Officials scrutinized as Israel mourns 45 dead at festival
JERUSALEM (AP) – Officials came under increasing scrutiny on Sunday for ignoring warnings about security breaches at one of Israel’s most visited holy sites, as the country mourned 45 ultra-Orthodox Jews killed in a stampede at a festival there.
The Mount Meron disaster also fueled debate over the role of the ultra-Orthodox minority in Israel and the refusal of some of its leaders to recognize the authority of the state. The festival had drawn some 100,000 people, most of them ultra-Orthodox Jews, after powerful ultra-Orthodox politicians allegedly pressured Prime Minister Benjamin Netanyahu and others to lift attendance restrictions.
On Sunday, a group of retired police commissioners called on the prime minister to launch an independent commission with broad investigative powers. The agency is said to have the power to investigate senior politicians and decision-makers, going beyond a currently ongoing Justice Department investigation that examines possible misconduct by police officers at the site.

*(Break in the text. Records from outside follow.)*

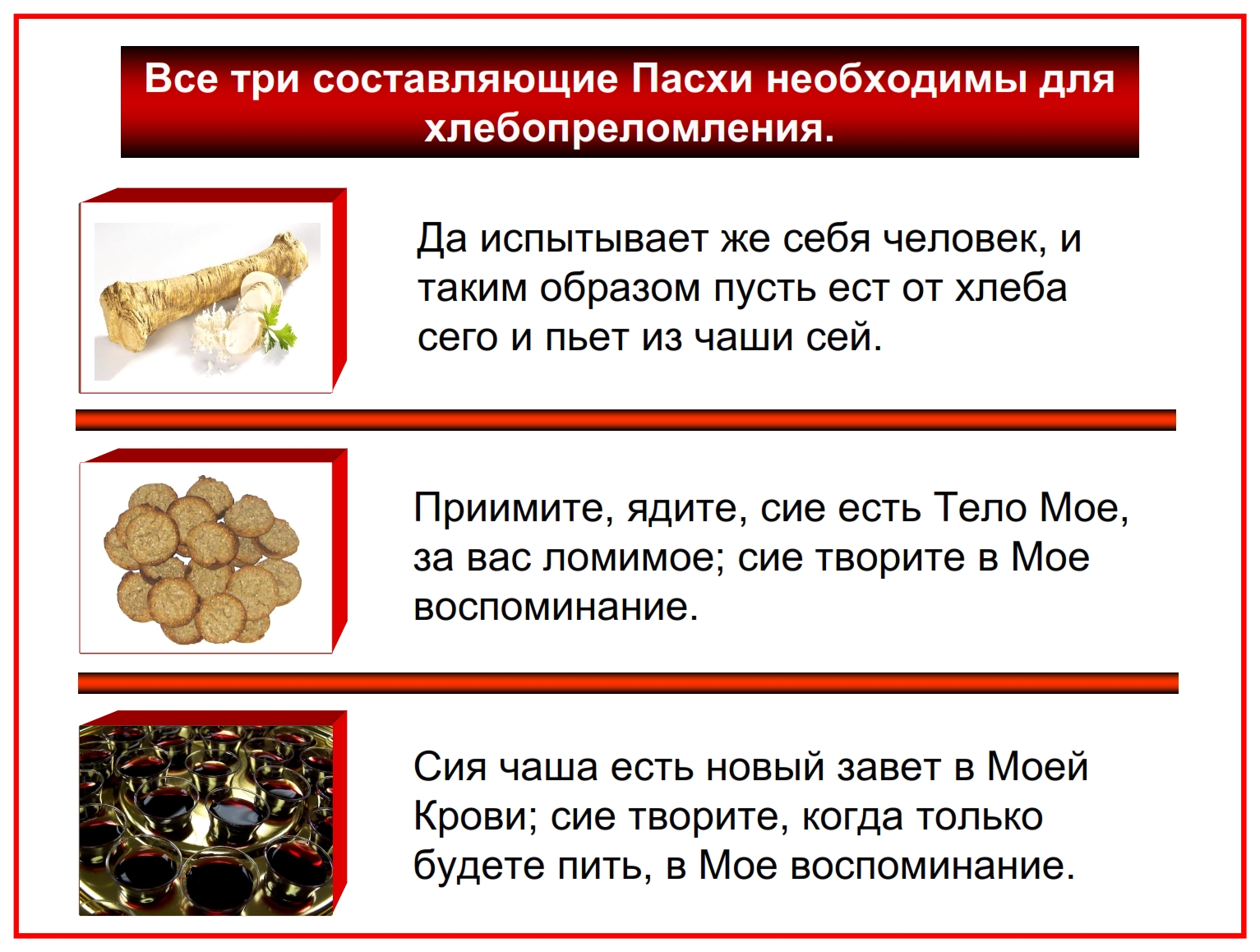 И когда настал час, Он возлег, и двенадцать Апостолов с Ним, и сказал им: очень желал Я есть с вами сию пасху прежде Моего страдания, ибо сказываю вам, что уже не буду есть ее, пока она не совершится в Царствии Божием. И, взяв чашу и благодарив, сказал: приимите ее и разделите между собою. Луки 22: 14-17
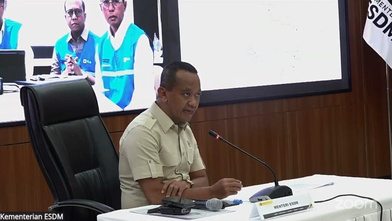 Menteri Energi dan Sumber Daya Mineral (ESDM) Bahlil Lahadalia bersama Direktur Utama (Dirut) PT PLN Darmawan Prasodjo saat konferensi pers virtualterkait laporan kondisi lapangan soal listrik di Aceh pada hari Selasa, 9 Desember 2025.--Siaran Pers
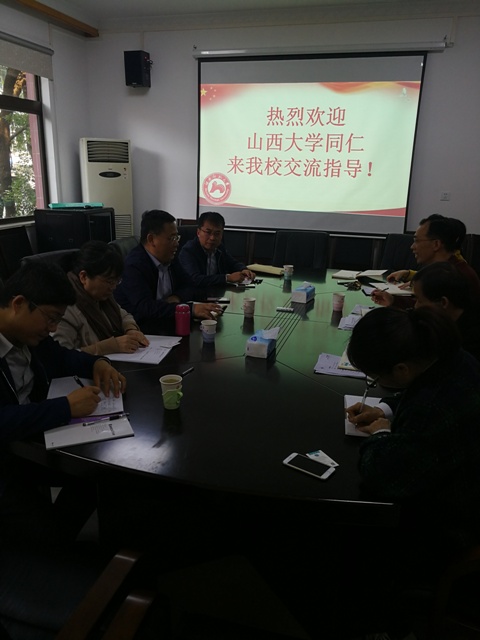 10月24日,山西大学社会科学处处长侯怀银教授一行来我处考察交流,副处长王铁钢在四楼会议室热情接待来访客人。
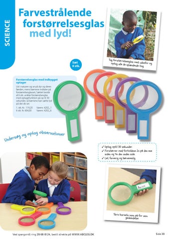 ptag observationer o g o rsøg U n de 3 Optag optil 30 sekunder. 3 Forstørrer med forholdene 2x på den ene siden og 4x den anden side. 3 Let, farverig og børnevenlig.
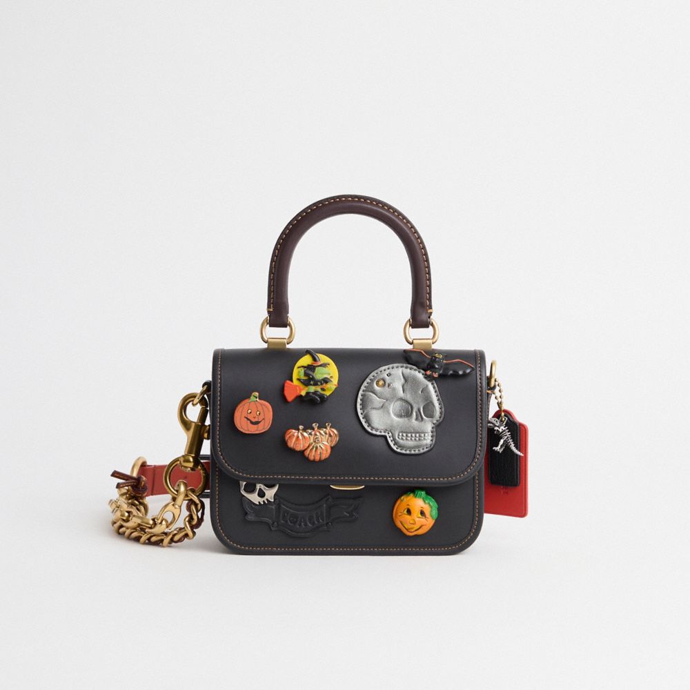 Reimagined with vintage Halloween patches and pins for some wicked-cool fun by Eunice Chang and Rose Oliva, this petite style has been expertly cleaned, conditioned and restored. Our talented craftsperson Nicole Izquierdo hand-decorated the front with a medley of Coach icons and festive embellishments, replaced the chain and long straps, then added a playful repurposed charm. Inspired by free spirits, rebels and dreamers, the aptly named Rogue can be carried by the top handle, worn as a short shoulder bag or crossbody. Perfectly organized with four compartments and a convenient outside slip pocket for easy access to essentials, the versatile colorblock glovetanned leather style secures with a pushlock closure.
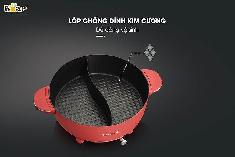 Đáy nồi lẩu uyên ương Bear được phủ lớp chống dính bằng chất liệu cao cấp, đảm bảo an toàn khi sử dụng. Đặc biệt, thiết kế lớp chống dính kim cương giúp bạn dễ dàng vệ sinh và dễ dàng hơn khi nấu nướng.
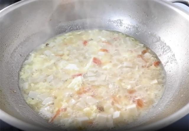 4.接着加入一大碗水煮开,然后加入火腿肠煮个两分钟,最后再淋入少量的水淀粉勾芡,加盐调味就可以出锅了。

The increasingly acrimonious blame game comes during a political power struggle between Netanyahu and former allies turned enemies determined to overthrow him. After an inconclusive election in March, Netanyahu’s chances of forming a ruling coalition and staying in power appear to be diminishing. His ultra-Orthodox political allies would figure prominently in any government led by Netanyahu.
The stampede, the deadliest civil disaster in Israel‘s history, took place Friday morning at a festival called Lag BaOmer on Mount Meron in northern Israel. The site is believed to be the burial place of the prominent second-century sage Rabbi Shimon Bar Yochai. The annual spring celebrations are marked by the lighting of large bonfires, songs and dances.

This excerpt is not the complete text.